WASHINGTON -- In his first appearance as a member of the Senate Judiciary Committee, U.S. Sen. Tom Cotton, R-Ark., questioned attorney general nominee Merrick Garland about his positions on the death penalty, racial equity and a special counsel scrutinizing the 2016 Trump-Russia inquiry.
The newest Republican member of the committee praised Garland for his work in prosecuting domestic terrorist Timothy McVeigh; the Oklahoma City bomber was convicted and given the death penalty for blowing up the Alfred P. Murrah Federal Building, killing 168 people.
As principal deputy associate attorney general during the Clinton administration, Garland helped bring McVeigh to justice, as well as Unabomber Ted Kaczynski, who is serving a life sentence for his crimes.
Cotton, an advocate of the death penalty, wanted to know Garland's stand on the issue now that he's President Joe Biden's pick to lead the Justice Department.
"Did Joe Biden or anyone from his administration, transition or campaign ask you not to pursue capital punishment in cases against murderers or terrorists?" the lawmaker from Little Rock asked.
"No," Garland replied.
Referring to the nominee's "outstanding work" in the McVeigh case, Cotton asked: "Do you regret the fact that Timothy McVeigh received the death penalty and has been executed?"
Garland stood by the decision.
"Originally, I supported the death penalty at that time for Mr. McVeigh and, in that individual case, I don't have any regret. But I have developed concerns about the death penalty in the 20-some years since then," he said.
"The sources of my concern are issues of exonerations of people who have been convicted, of sort of arbitrariness and randomness of its application, because of how seldom it's applied and because of its disparate impact on Black Americans and members of other communities of color," Garland said.
Cotton asked Garland whether, as attorney general, he would allow prosecutors to seek the death penalty in a case similar to the Oklahoma City bombing perpetrated by a "white supremacist."
Garland suggested he'd follow the White House's general guidelines.
"I think it depends on what the development of the policy is. If the president asks or if we develop a policy about [a] moratorium, then it would apply across the board," he said. "There's no point in having a policy if you make individual discretionary decisions. So if that's the policy, then that would be the policy."
"The [U.S.] Supreme Court has held that the death penalty is constitutional, but it is not required. That is within the discretion of the president," Garland said.
Noting the murder of nine Black worshippers by Dylann Roof at Emanuel African Methodist Episcopal Church in Charleston, S.C., Cotton wanted to know whether Garland would allow the death penalty against a similarly situated white supremacist.
The nominee reiterated that he would follow the White House's policy regarding capital punishment.

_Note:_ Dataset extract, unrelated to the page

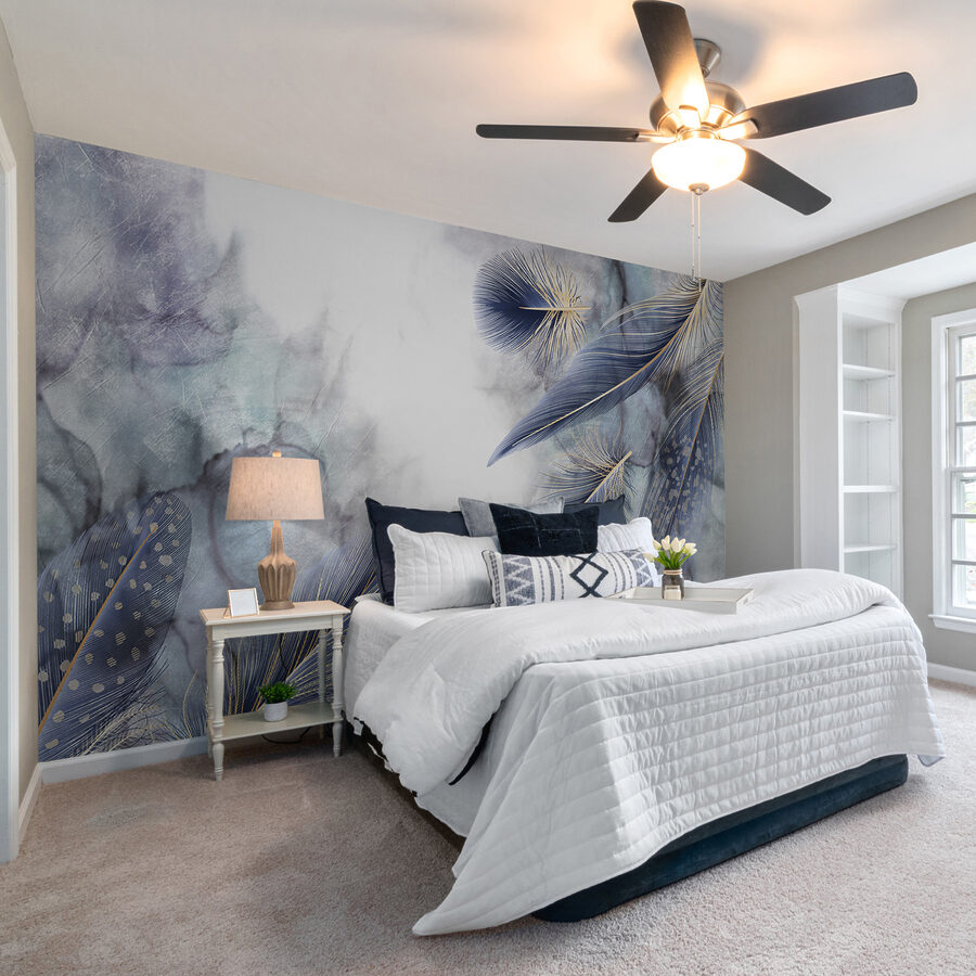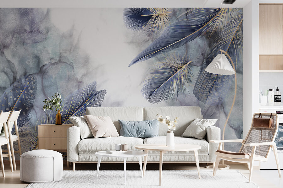 De veerontwerpen dansen sierlijk over de muur – sommige gedurfd en andere verlegen, elk met een eigen verhaal. Zie deze muurschildering al voor je in een gezellig leeshoekje of boven een stijlvolle bank, waar ze aanzet tot gesprekken en bewondering. Het is niet zomaar behang; het is een welkome knuffel voor je muren. Vrienden zullen binnenkomen, even stilstaan en zeggen: “Wow, waar heb je dit gevonden?”. Een echte gespreksstarter. Of het nu de zachte blauwtinten zijn of het luchtige gevoel dat in het oog springt, het voegt een vleugje eigenzinnigheid en verfijning toe. Perfect voor wie houdt van een unieke inrichting zonder overdreven te zijn – een knipoog naar de natuur die elke kamer een thuisgevoel geeft.

Cotton, a Harvard Law School graduate and a former federal court clerk, announced this month that he'd been appointed to the Senate Judiciary Committee.
Last week, Sen. Charles Grassley, R-Iowa, the committee's top Republican, announced that Cotton would serve as the ranking member on the Subcommittee on Criminal Justice and Counterterrorism.

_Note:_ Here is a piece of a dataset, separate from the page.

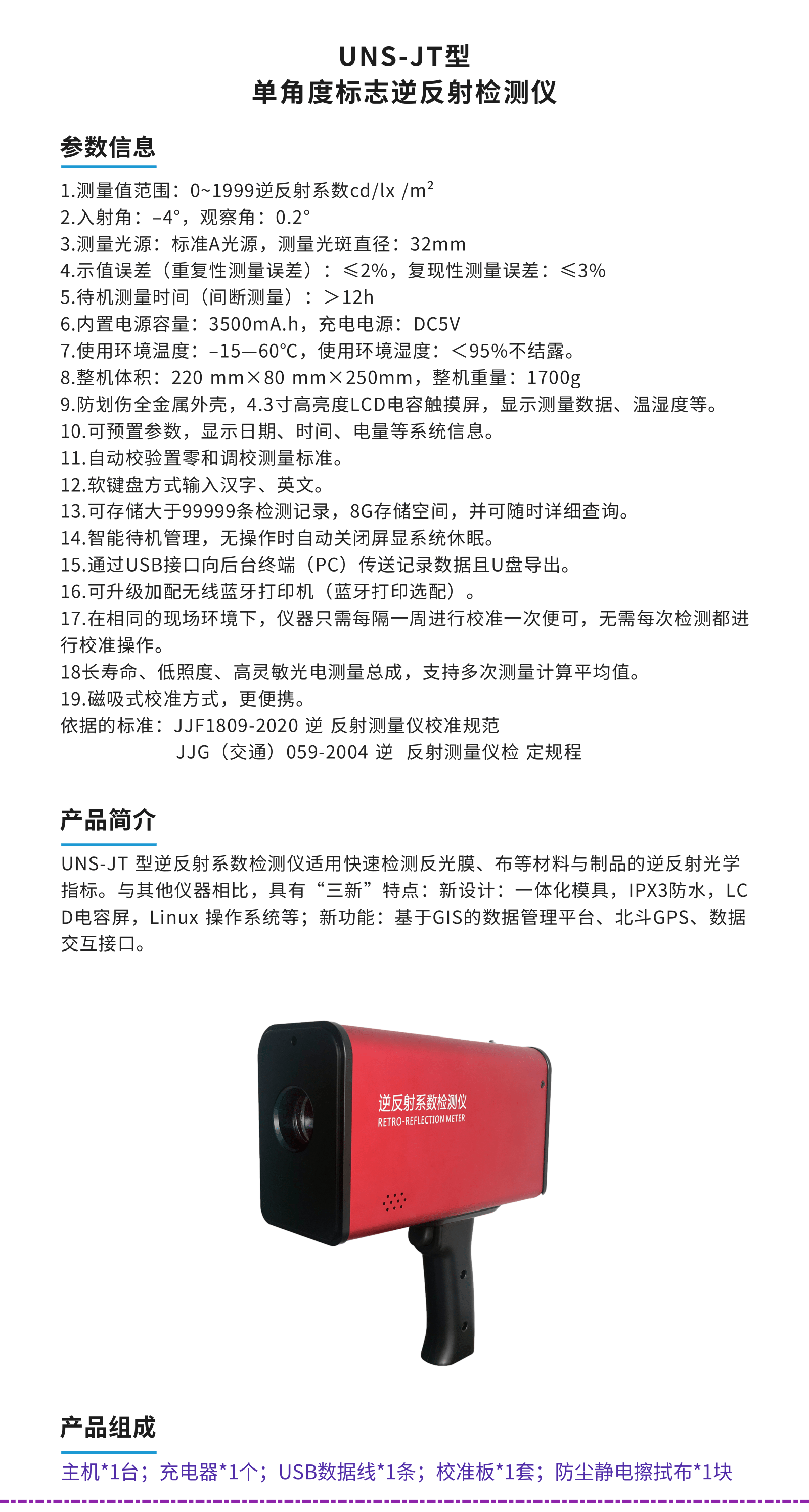 UNS-JT 标志逆反射系数检测仪

During Monday's hearing, Cotton also asked Garland about Yale University's admissions policies, arguing that they discriminate against Asians.
Garland said the Biden administration hadn't consulted with him about its decision to drop a lawsuit against the Ivy League school, saying it would have been inappropriate to weigh in before being confirmed.

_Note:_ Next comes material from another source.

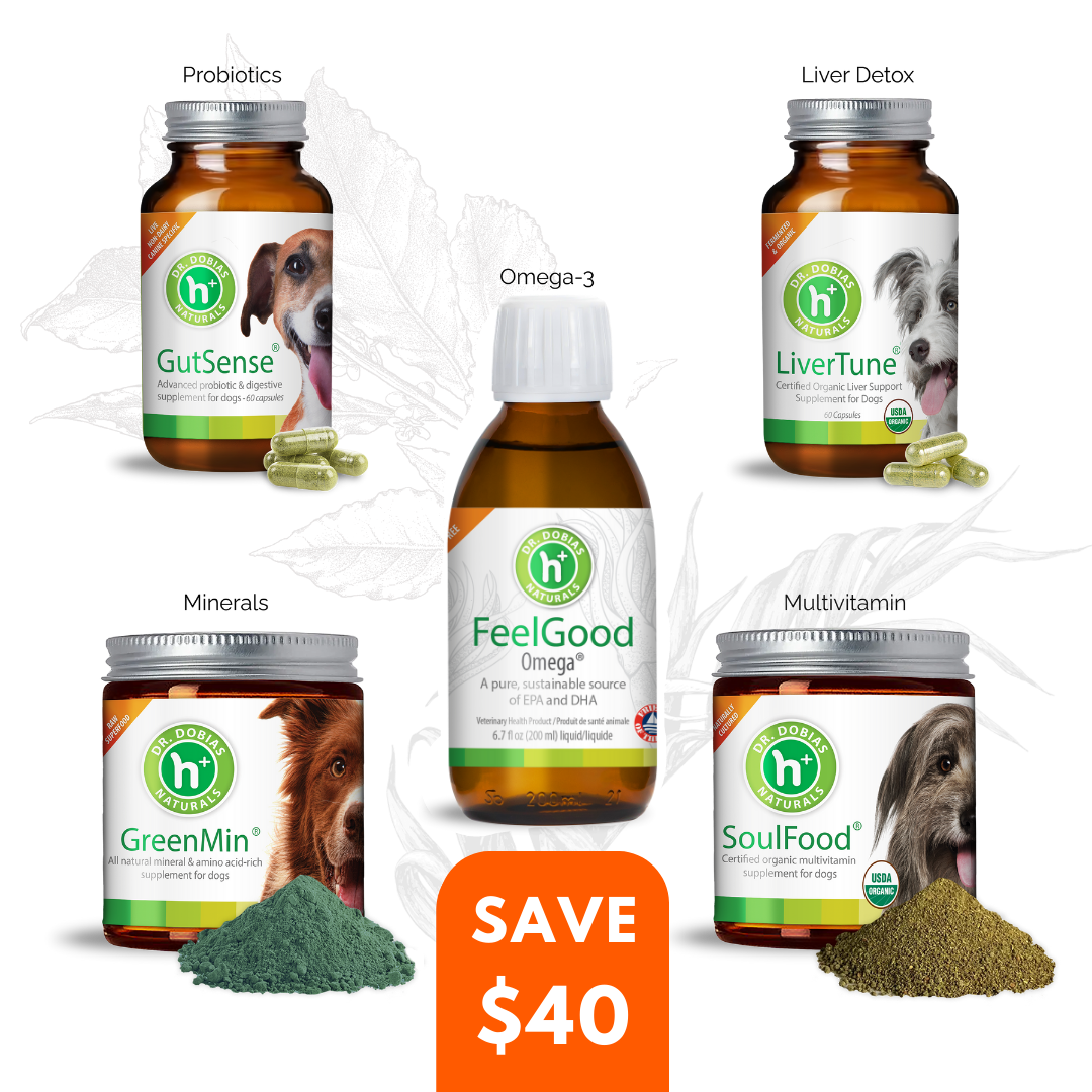 The bundle contains the following products: FeelGood Omega®, GutSense®, SoulFood®, GreenMin® and LiverTune®.

He also questioned Garland about the difference between racial equality and racial equity, noting that the Biden administration had recently signed an executive order calling for the advancement of racial equity.
The executive order "defines equity as the fair and impartial treatment of every person without regard to their status," including those in "underserved communities," Garland replied.
Cotton also asked Garland about special counsel John Durham's investigation into how the Trump-Russia probe was handled.
Why not commit to giving Durham the "staff, the resources and the time" to complete his probe, Cotton said.
"I'm sitting here and I don't have any information about what he needs in his resources," Garland said. "Everything I know, sitting here, suggests that he should, of course, have those resources."
In addition to weighing attorney general nominees, the judiciary committee advises and consents on federal judges, including Supreme Court nominees.
Cotton is one of four Republicans on the committee who are frequently mentioned as potential 2024 presidential candidates; the others are Sens. Ted Cruz of Texas, Josh Hawley of Missouri and Ben Sasse of Nebraska.
On Monday, Cotton's Senate campaign announced that he'll be running digital ads in New Hampshire and Georgia opposing the nomination of Xavier Becerra as Biden's secretary of health and human services.
The ad criticizes Becerra for his handling of the covid-19 pandemic and accuses him of supporting Sen. Bernie Sanders' "government takeover of your health care."
New Hampshire traditionally holds the first presidential primary.
A campaign official said the two states were selected because they have Senate elections in 2022.
The digital ad buy is in the "mid-five figures to start," the official said.